Source data:
- Opening Delimiter -
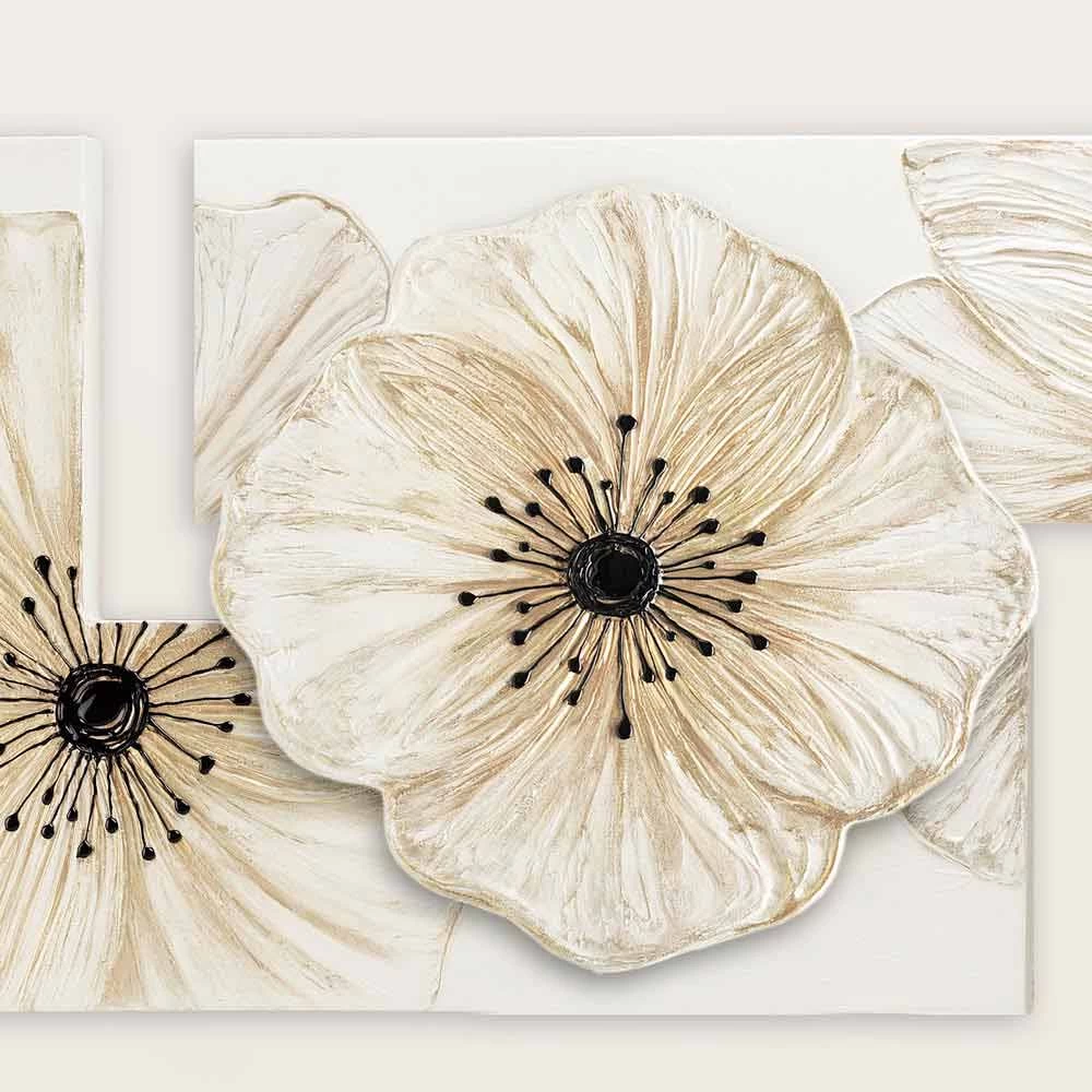Composition florale sur toile, décoré à la main avec détails de résine. L’ élément central est en relief. La finition est brillante.
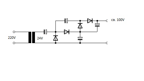 Zwei Schaltungen habe ich bisher gefunden, eine Vervierfachungsschaltung und ein Netzteil.
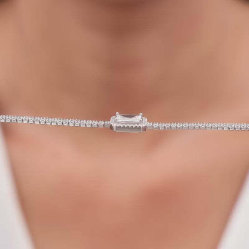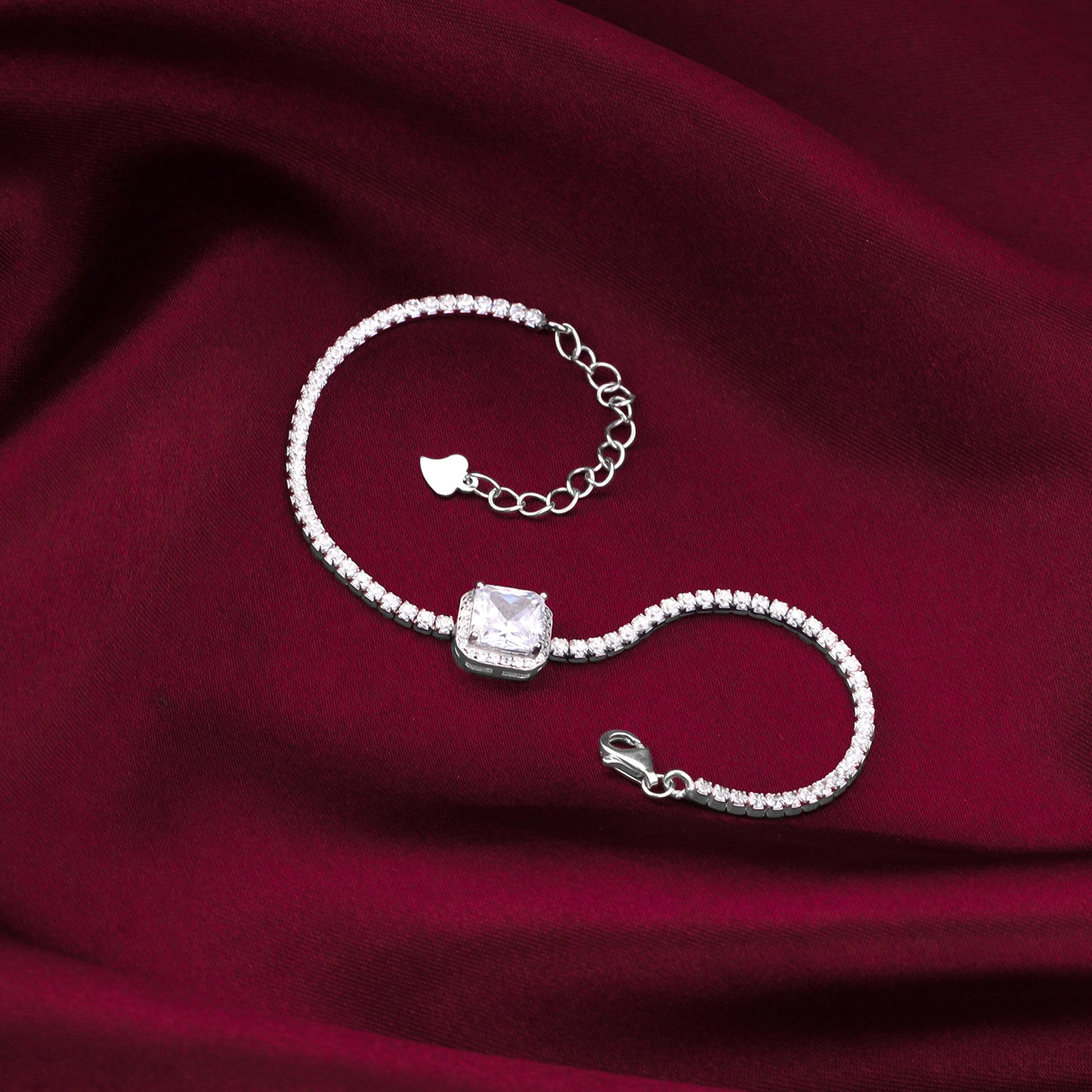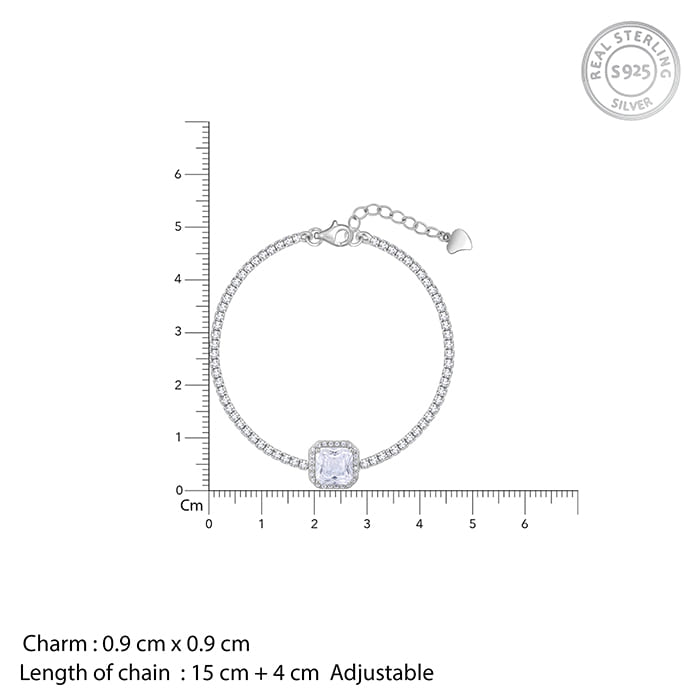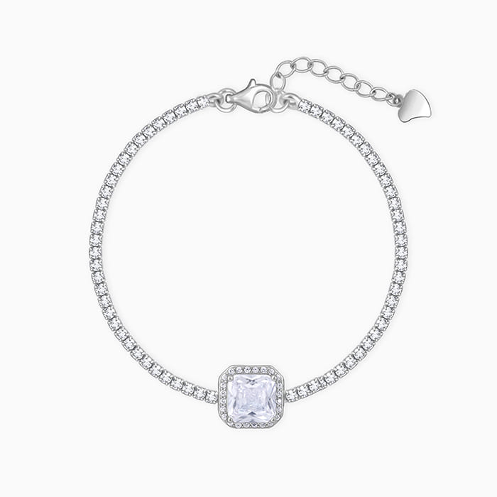 This silver tennis bracelet has a square zircon placed in the centre of a zircon studded chain, with a zircon layer around it.
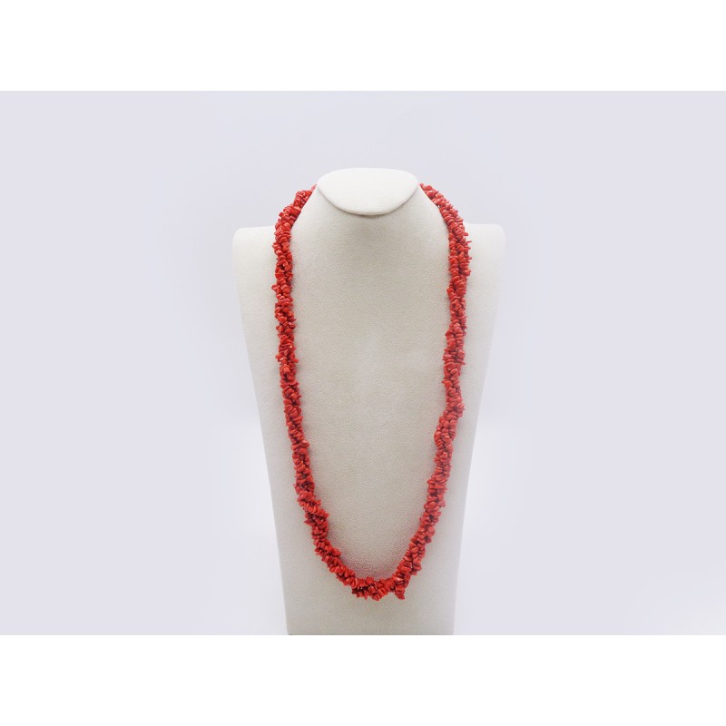 COLLANA FILI DI CHIPS IN CORALLO ROSSO CON CHIUSURA DORATA
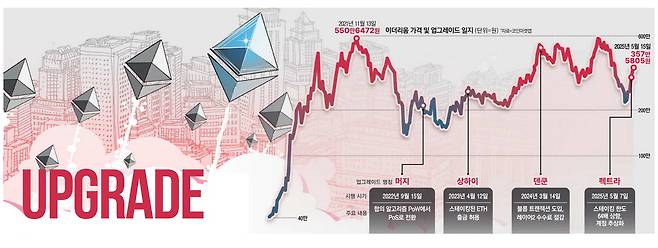 5월 들어 미·중 관세협상 등으로 코인시장에 훈풍이 부는 가운데 이더리움이 타 코인 대비 유독 높은 상승세를 기록 중이다. 코인시장이 강세를 보였던 14일 기준 이더리움 가격은 전주 대비 46.7% 올라 374만4000원대를 나타내고 있다. 비트코인이 8%, XRP와 솔라나가 약 20% 상승한 것에 비해 2~5배 높다. 이더리움이 급등한 주된 이유로는 먼저 기술적인 측면이 꼽힌다. 지난 7일 이더리움의 펙트라 업그레이드가 완료됐다. 펙트라는 비트코인과 동일한 작업증명(PoW) 기반 채굴에서 금융 시스템과 유사한 지분증명(PoS) 방식으로 합의 알고리즘을 변경하면서 이더리움 2.0 시대를 열었다고 평가받는 머지 업그레이드 이후 대대적인 변화다.
- Closing Delimiter -
Work task: Exclude the pictures, and output exactly the lines from the one with "COLLANA FILI DI" through the last line of the records, both included.

Output of the task:
 COLLANA FILI DI CHIPS IN CORALLO ROSSO CON CHIUSURA DORATA
 5월 들어 미·중 관세협상 등으로 코인시장에 훈풍이 부는 가운데 이더리움이 타 코인 대비 유독 높은 상승세를 기록 중이다. 코인시장이 강세를 보였던 14일 기준 이더리움 가격은 전주 대비 46.7% 올라 374만4000원대를 나타내고 있다. 비트코인이 8%, XRP와 솔라나가 약 20% 상승한 것에 비해 2~5배 높다. 이더리움이 급등한 주된 이유로는 먼저 기술적인 측면이 꼽힌다. 지난 7일 이더리움의 펙트라 업그레이드가 완료됐다. 펙트라는 비트코인과 동일한 작업증명(PoW) 기반 채굴에서 금융 시스템과 유사한 지분증명(PoS) 방식으로 합의 알고리즘을 변경하면서 이더리움 2.0 시대를 열었다고 평가받는 머지 업그레이드 이후 대대적인 변화다.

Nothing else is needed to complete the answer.